**REQUIREMENT**: Among the lines below, keep only those from the one containing "感情マーケティングを「いつか" through the one containing "Tato markýza má", and reproduce them exactly.

**Stored dataset items**:
* * * * * * * * *
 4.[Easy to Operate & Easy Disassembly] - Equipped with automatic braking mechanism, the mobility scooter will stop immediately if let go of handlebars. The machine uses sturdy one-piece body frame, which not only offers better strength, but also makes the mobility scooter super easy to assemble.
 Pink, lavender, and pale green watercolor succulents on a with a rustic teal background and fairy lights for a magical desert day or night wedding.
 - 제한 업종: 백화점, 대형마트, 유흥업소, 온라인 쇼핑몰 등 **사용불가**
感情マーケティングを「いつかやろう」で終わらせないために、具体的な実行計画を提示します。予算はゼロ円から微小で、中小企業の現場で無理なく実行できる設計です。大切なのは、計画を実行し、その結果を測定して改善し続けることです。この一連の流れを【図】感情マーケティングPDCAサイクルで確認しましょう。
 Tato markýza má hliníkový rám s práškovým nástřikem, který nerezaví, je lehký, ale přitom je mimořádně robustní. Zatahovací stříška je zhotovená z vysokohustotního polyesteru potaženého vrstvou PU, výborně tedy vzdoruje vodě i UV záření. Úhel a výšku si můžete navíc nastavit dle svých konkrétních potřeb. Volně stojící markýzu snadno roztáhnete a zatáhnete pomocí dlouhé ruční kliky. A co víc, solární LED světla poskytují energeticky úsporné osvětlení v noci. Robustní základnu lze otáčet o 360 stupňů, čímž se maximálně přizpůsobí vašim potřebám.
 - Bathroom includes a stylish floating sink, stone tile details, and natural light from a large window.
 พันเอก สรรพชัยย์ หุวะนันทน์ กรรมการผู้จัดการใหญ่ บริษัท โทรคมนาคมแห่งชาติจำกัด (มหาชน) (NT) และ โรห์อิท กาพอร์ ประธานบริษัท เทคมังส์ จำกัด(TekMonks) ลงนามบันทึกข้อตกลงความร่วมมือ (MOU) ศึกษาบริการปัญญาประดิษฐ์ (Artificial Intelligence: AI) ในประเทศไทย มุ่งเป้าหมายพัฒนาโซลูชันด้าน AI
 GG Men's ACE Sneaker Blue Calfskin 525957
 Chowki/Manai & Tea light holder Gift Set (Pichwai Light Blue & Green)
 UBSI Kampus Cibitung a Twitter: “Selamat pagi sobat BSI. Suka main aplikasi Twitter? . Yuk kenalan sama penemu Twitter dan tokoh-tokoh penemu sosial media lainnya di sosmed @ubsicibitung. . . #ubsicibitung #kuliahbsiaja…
* * * * * * * * *
**ANSWER SPACE**:
感情マーケティングを「いつかやろう」で終わらせないために、具体的な実行計画を提示します。予算はゼロ円から微小で、中小企業の現場で無理なく実行できる設計です。大切なのは、計画を実行し、その結果を測定して改善し続けることです。この一連の流れを【図】感情マーケティングPDCAサイクルで確認しましょう。
 Tato markýza má hliníkový rám s práškovým nástřikem, který nerezaví, je lehký, ale přitom je mimořádně robustní. Zatahovací stříška je zhotovená z vysokohustotního polyesteru potaženého vrstvou PU, výborně tedy vzdoruje vodě i UV záření. Úhel a výšku si můžete navíc nastavit dle svých konkrétních potřeb. Volně stojící markýzu snadno roztáhnete a zatáhnete pomocí dlouhé ruční kliky. A co víc, solární LED světla poskytují energeticky úsporné osvětlení v noci. Robustní základnu lze otáčet o 360 stupňů, čímž se maximálně přizpůsobí vašim potřebám.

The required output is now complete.